Between May 16, 2025, 1:21 PM UTC and May 17, 2025, 2:26 AM UTC, the GitHub Enterprise Importer service was degraded and experienced slow processing of customer migrations. Customers may have seen extended wait times for migrations to start or complete.This incident was initially observed as a slowdown in migration processing. During our investigation, we identified that a recent change aimed at improving API query performance caused an increase in load signals, which triggered migration throttling. As a result, the performance of migrations was negatively impacted, and overall migration duration increased. In parallel, we identified a race condition that caused a specific migration to be repeatedly re-queued, further straining system resources and contributing to a backlog of migration jobs, resulting in accumulated delays. No data was lost, and all migrations were ultimately processed successfully.We have reverted the feature flag associated with a query change and are working to improve system safeguards to help prevent similar race condition issues from occurring in the future.
On May 16th, 2025, between 08:42:00 UTC and 12:26:00 UTC, the data store powering the Audit Log API service experienced elevated latency resulting in higher error rates due to timeouts. About 3.8% of Audit Log API queries for Git events experienced timeouts.

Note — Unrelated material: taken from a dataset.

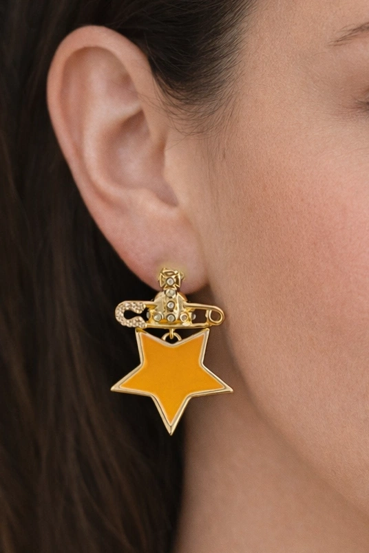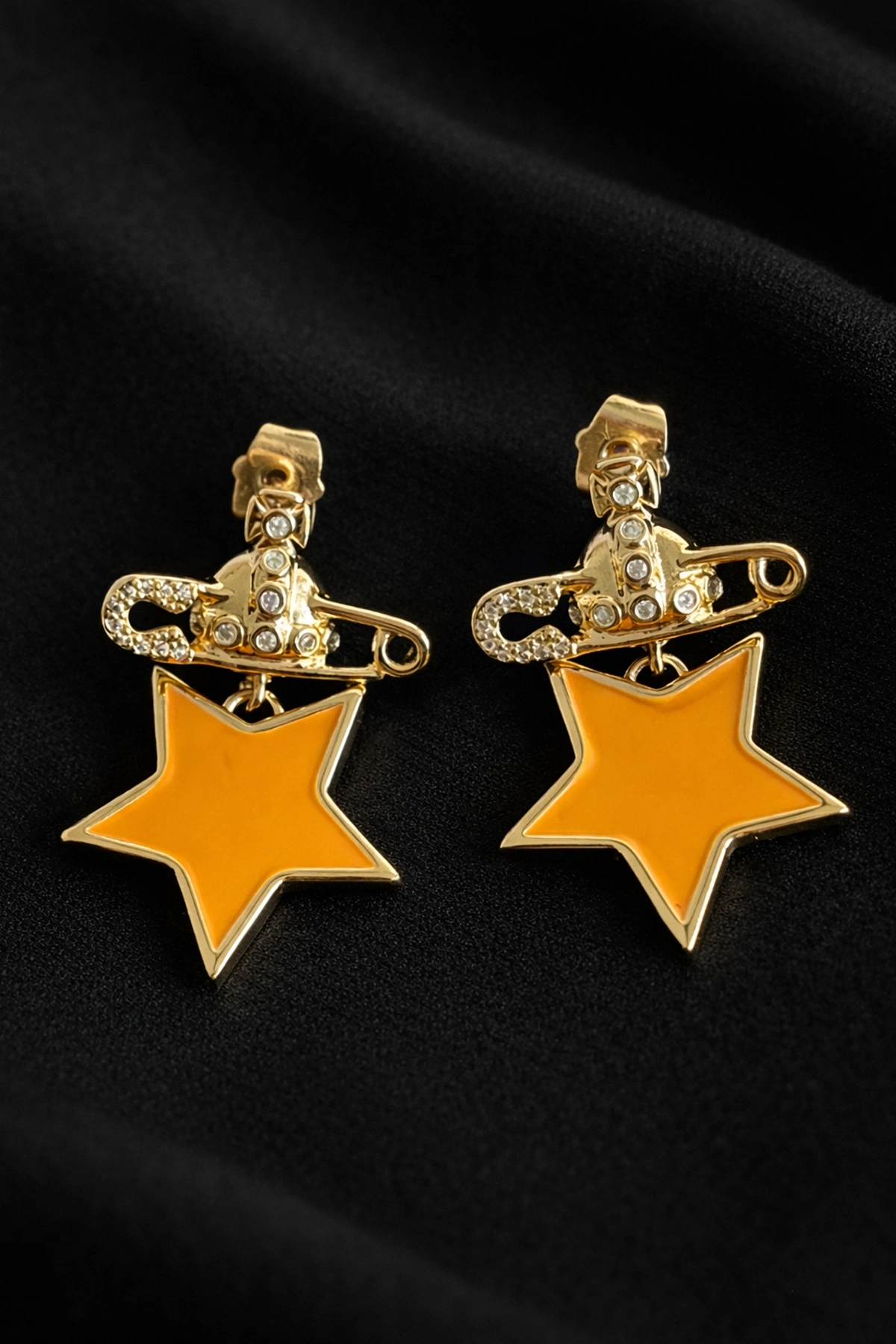 Altın Renk Turuncu Yıldız Figürlü 14K Altın Kaplama TX Küpe (Çift)

The data store team deployed mitigating actions which resulted in a full recovery of the data store’s availability.
Between May 15, 2025 10:10 UTC and May 15, 2025 22:58 UTC the Copilot service was degraded and returned a high volume of internal server errors for requests targeting Gemini 2.5 Pro, a public preview model. This was due to a high volume of rate limiting by the upstream model provider, similar in volume to the internal server errors during the previous day.We mitigated the incident by temporarily disabling Gemini 2.5 Pro for all Copilot Chat experiences, and then worked with the model provider to ensure model health was sufficiently improved before re-enabling.We are working with the model provider to move to more resilient infrastructure to mitigate issues like this one in the future.
On May 15, 2025, between 00:08 AM UTC and 10:21 AM UTC, customers were unable to create fine-grained Personal Access Tokens (PATs) on github.com. This incident was triggered by a recent code change to our front end that unintentionally affected the way certain pages loaded and prevented the PAT creation process from completing.We mitigated the incident by reverting the problematic change. To reduce the likelihood of similar issues in the future, we are improving our monitoring for page load anomalies and PAT creation failures and improving our safe deployment practices.